Avatar: Welcome Back, Cameron

It's good to have the old James Cameron back after so long. Ignoring Titanic (as tricky as that sounds), it's been 15 years since his last action movie, so any movie that lets him play with robots and aliens and oversized machine guns is a reason to celebrate. Not the only reason, of course -- you want the movie to be watchable, right?

Luckily, the movie is not only visually stunning (especially in 3D), it's actually a thrilling, if slightly familiar action tale. Not once did I roll my eyes or emit an audible groan at anything in the plot or dialogue, and I consider that a win in my book. Hell, I even got a little bit of rainforest in my eyes a couple of times, and I'm not one who's overly prone to crying... except during sentimental, uplifting, on-message sci-fi epics, of course.

By now, you probably know the plot: marine Jake Sully (Sam Worthington) goes to alien moon Pandora to drive an alien body for a joint corporate/scientific/military expedition and make nice with an alien race called the Na'vi, who live on top of a mother lode of a highly sought-after mineral. (I take it back -- I did roll my eyes when they called the mineral "unobtanium," because that's a stupid name. Was "gottacatchemallium" taken?) Why it's so valuable is kind of glossed over, as is the general state of Earth, which may not have plant life anymore. Regardless, Life on Earth is bad enough for Sully, who lost the use of his legs in combat and then lost his twin brother in a mugging gone bad, to want to take the Pandora job, one his scientist bro had been training for for three years, and one that needed Sully's blood to work.

What follows is mostly Dances With Wolves on mescaline. Disdained by the scientists who wanted his brother and manipulated by the military who want to learn the Na'vi's weaknesses, Jake ends up getting adopted by the tribe when their sacred tree identifies him as a Na'vi of interest. He is taught how stupid he and the other fake Na'vi look while wearing clothes (it's true), and once the pants come off and he is truly accepted as one of them, it's a quick ride to realizing that the Na'vi are to be protected, especially his hottie cultural tour guide Neytiri (Zoe Saldana). By then, however, it's too late, since he's already told the military exactly how to destroy the giant, hollow tree they live in. So he has to rise up as a human rebel and a Na'vi hero to stop them.

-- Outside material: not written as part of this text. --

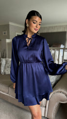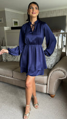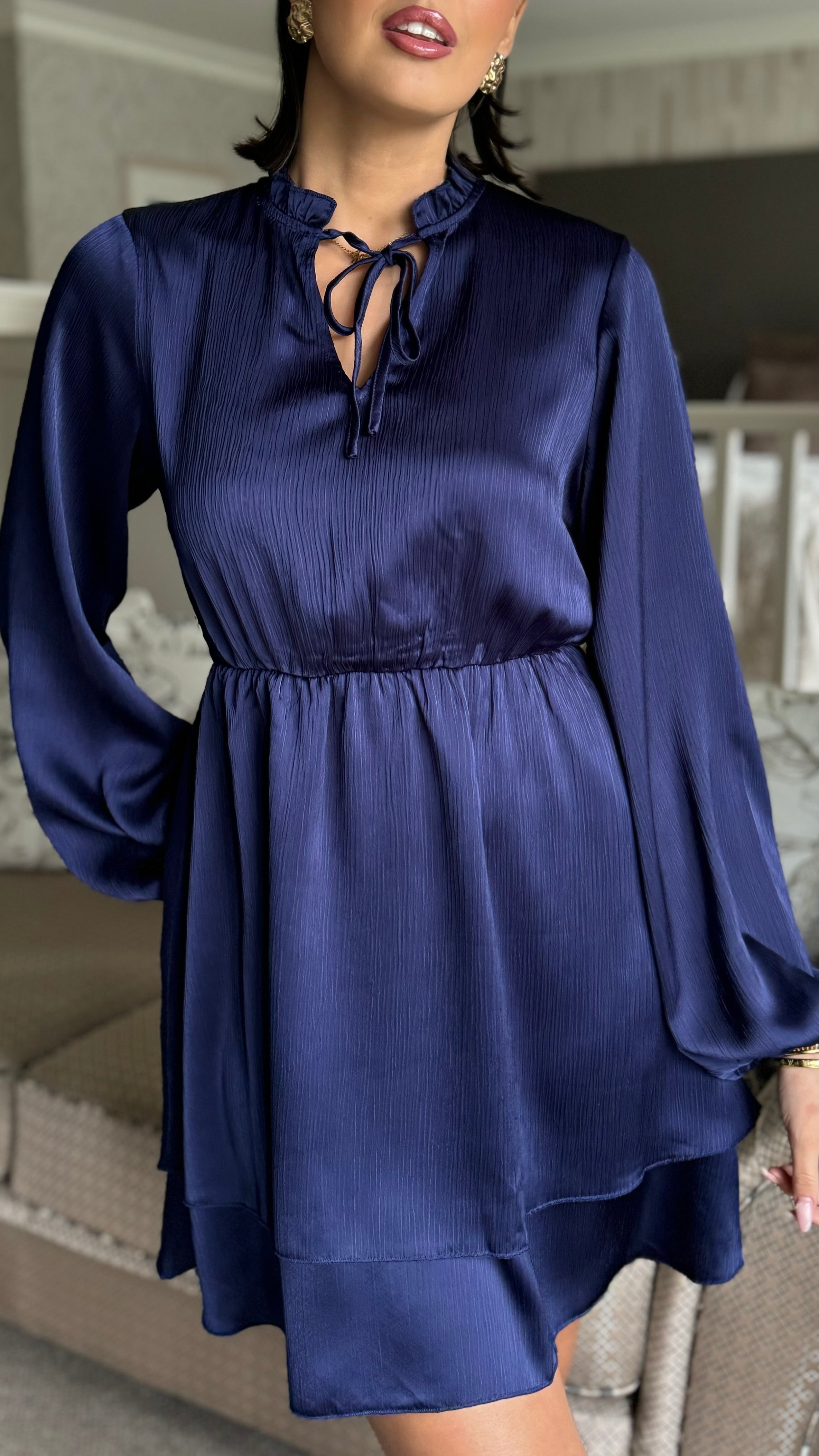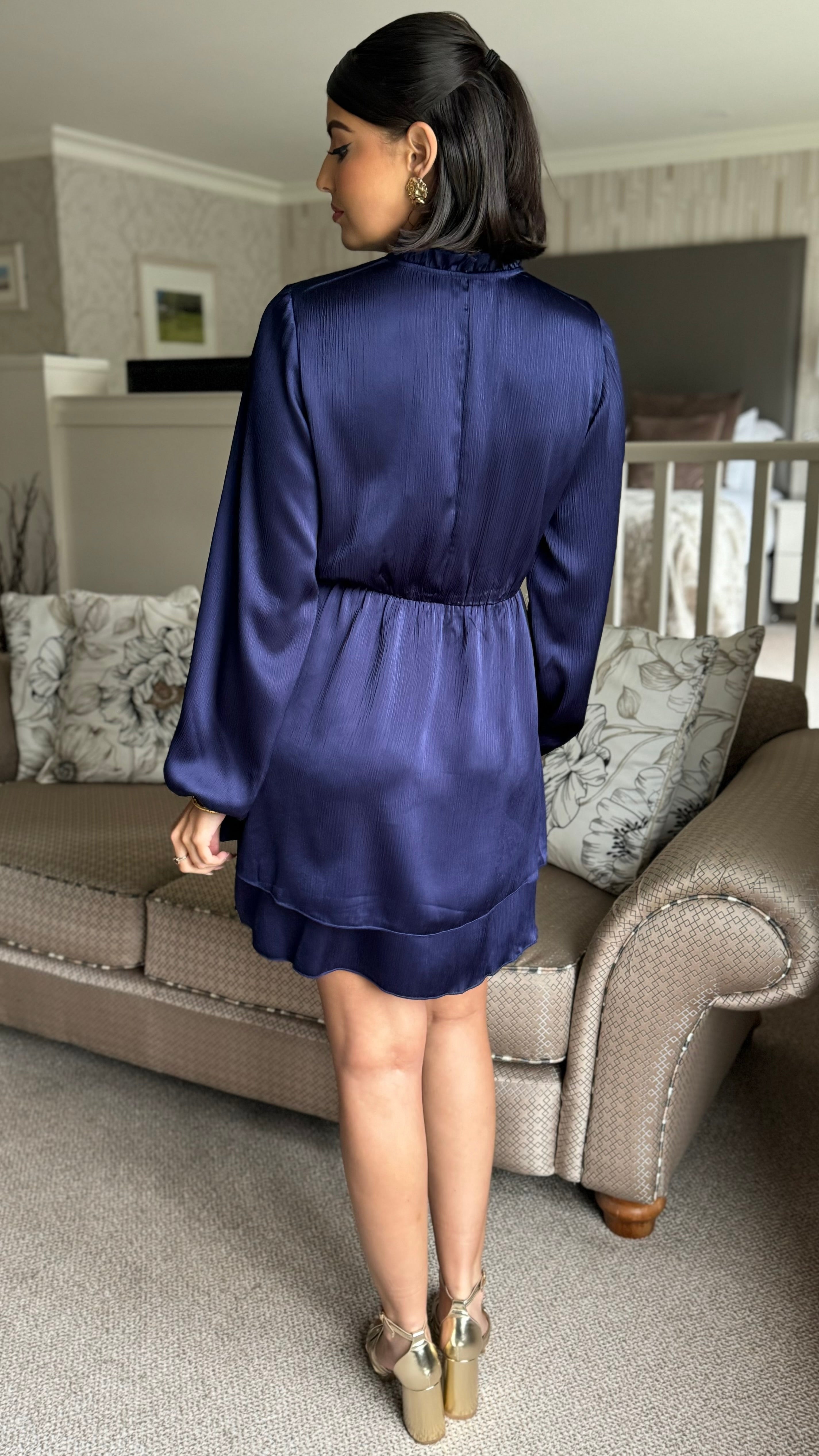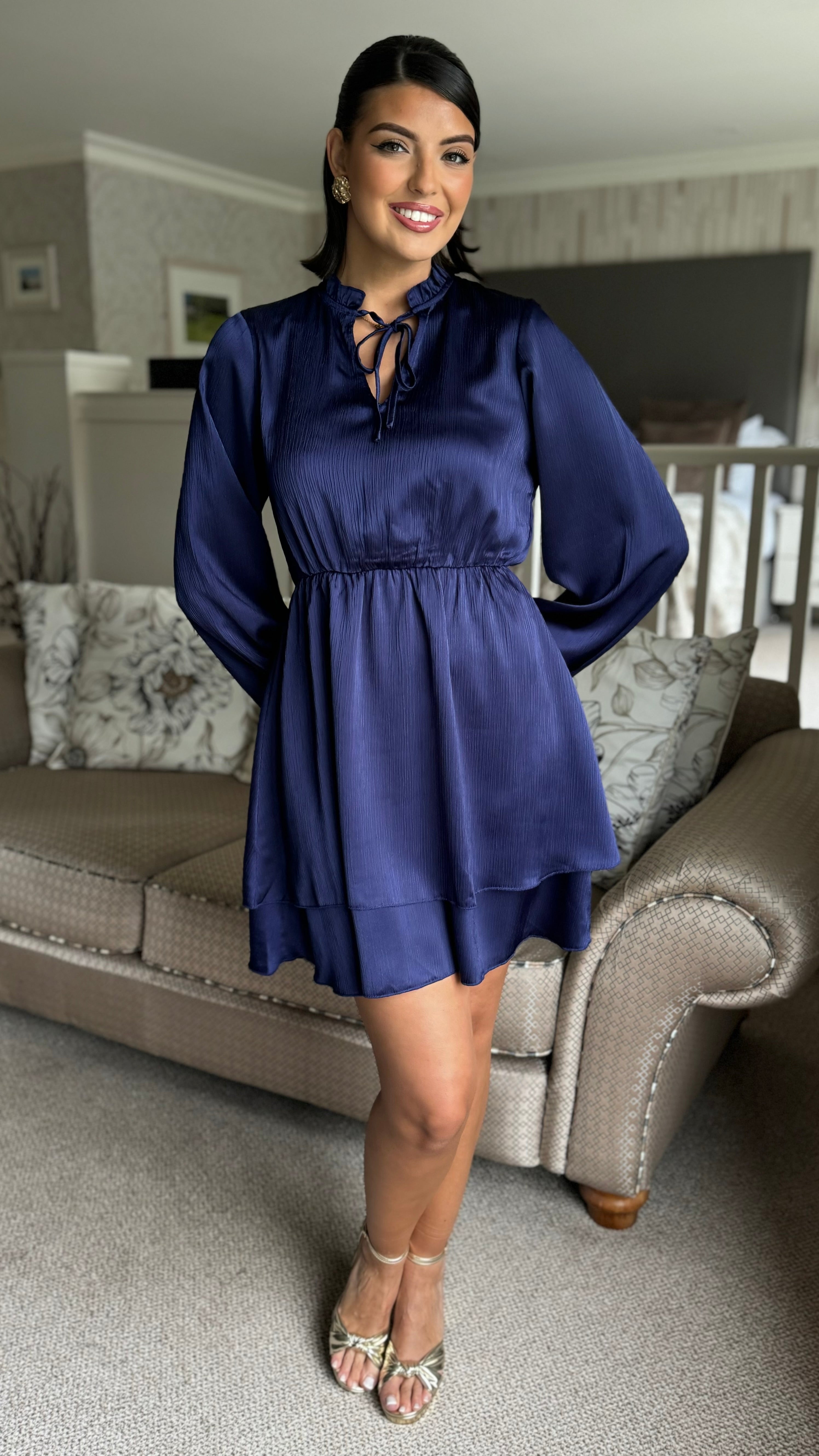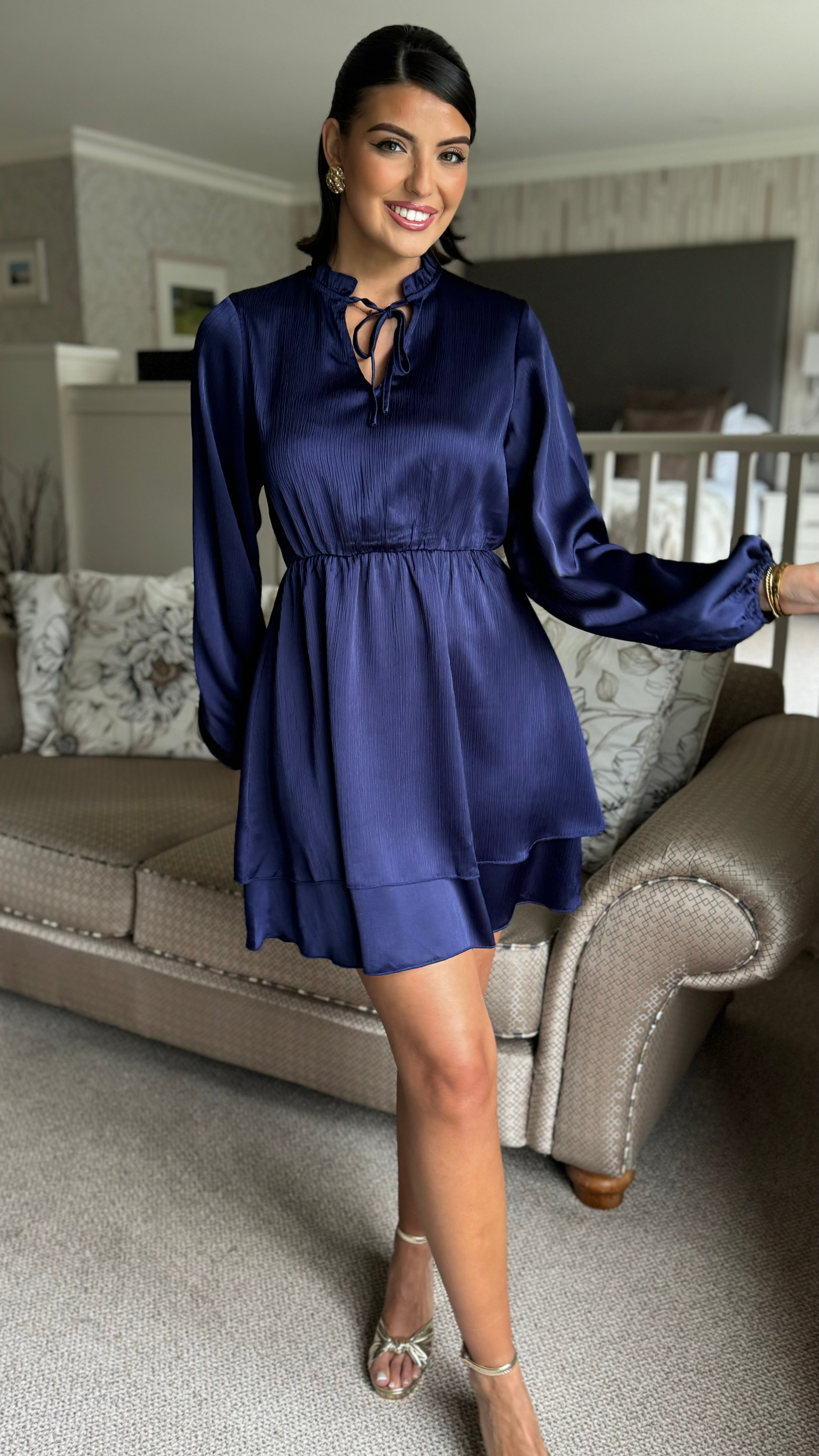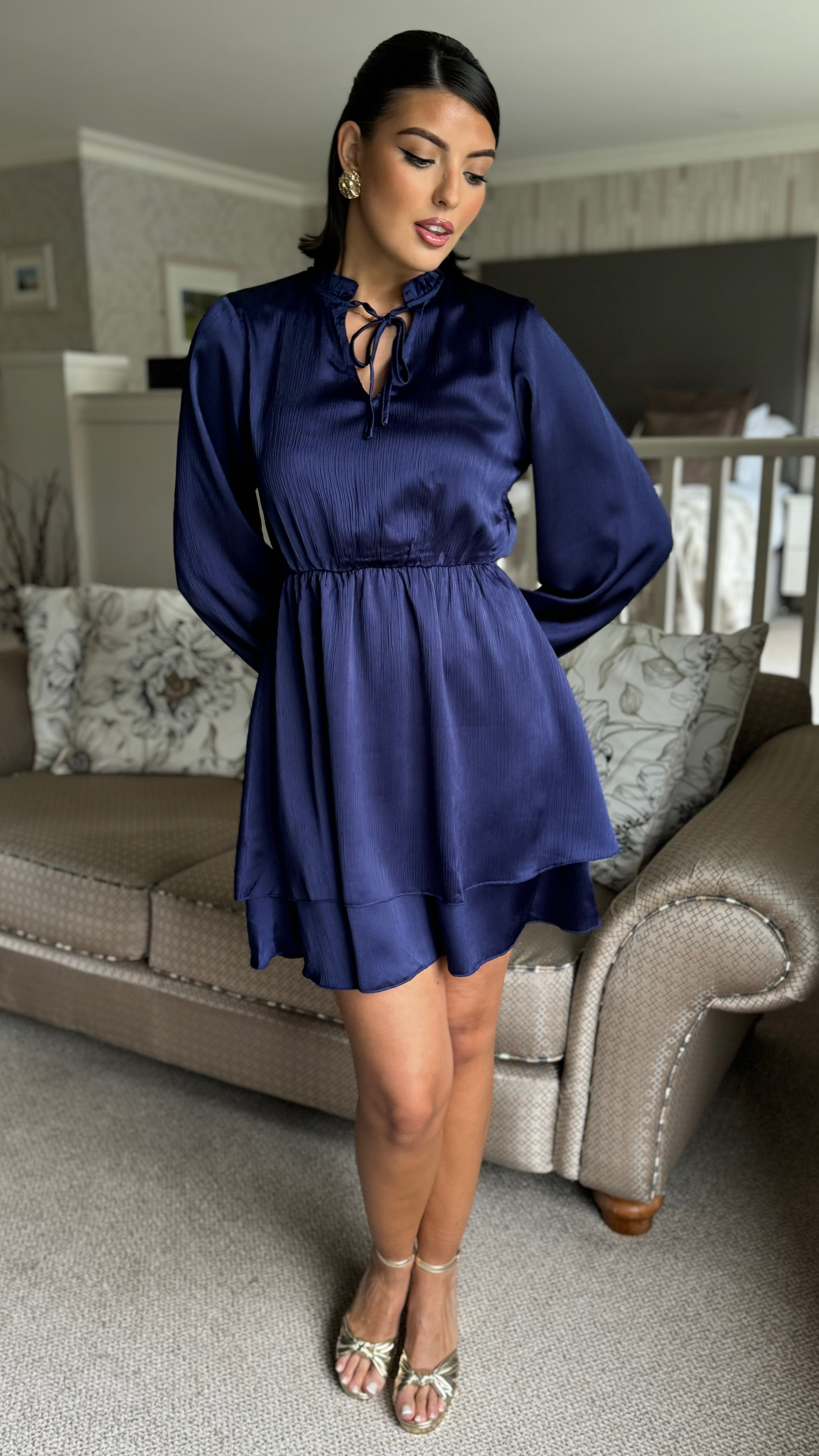 Etta Navy Long Sleeve Ruffle Mini Dress

To quote Top Secret!, "It all sounds like some bad movie!" But it really isn't. The story may seem familiar, but the movie tries to back up its new-age spiritualism with some science (well, science fiction), and the old military-industrial chestnut lovingly lifted from Aliens leads us to some devastating images of war. Sigourney Weaver doesn't phone it in as the scientist who embraces Jake once he proves himself to be useful, becoming a mother figure who protects both him and her program from outside influence. Stephen Lang is scary awesome as the scarred (and ripped) Colonel Quaritch, who would rather kill them all, and Giovanni Ribisi puts Aliens' Paul Reiser on notice as the sleazy corporate representative. Even Michelle Rodriguez and Joel Moore deliver solid performances as the sympathetic pilot and the Na'vi expert who finds himself eclipsed by Jake the Dumb Marine.

It's hard to judge the acting performances by the Na'vi themselves, but Zoe Saldana gives a pretty ferocious vocal performance as Neytiri, and the programmers put her through the full range of emotions, making her look like... well, a real person, which is the whole point of this exercise, right? The rest of the Na'vi are equally real, if more stock characters than anything else (the proud chief, the regal mother, the scornful rival), and the humans-as-Na'vi... well, as I said, they look silly in clothes. It's hard to judge Sigourney Weaver's performance when her alien is wearing a college athletics T-shirt, and hearing Jake smack-talk a hammer-headed jungle rhinoceros is just bizarre.

The creatures are definitely the most amazing thing about the visual effects. The hammerhead rhinos, a hard-shelled jungle cat, a pack of skinless wild dogs, 6-legged horses, the pterodactyl-like Banshees and the massive, flying leonopteryx are all spotlighted in the film, but even the bioluminescent flora, the retracting lichens and the tiny lizards that travel around by spinning their bioluminescent tails like helicopters are beautiful to see. The military hardware is nothing special -- even the exo-suits of armor are fairly generic -- but the depictions of war and battle are incredibly vivid and horrible. There's no gore, but there is death and destruction, and at one point, a six-legged horse runs by on fire.

This is not a movie for kids -- it has its fun moments, but the vivid horrors of war that happen in the latter half of the film, coupled with a whole lot of swearing and a two-hour, 41-minute runtime, make it a tough movie to sit through with a young'un, as cute as the giant cat-Smurfs are. And you're gonna want to sit through it, because Jim Cameron still knows how to make good movies, even if he has to borrow elements from his older good movies to do it.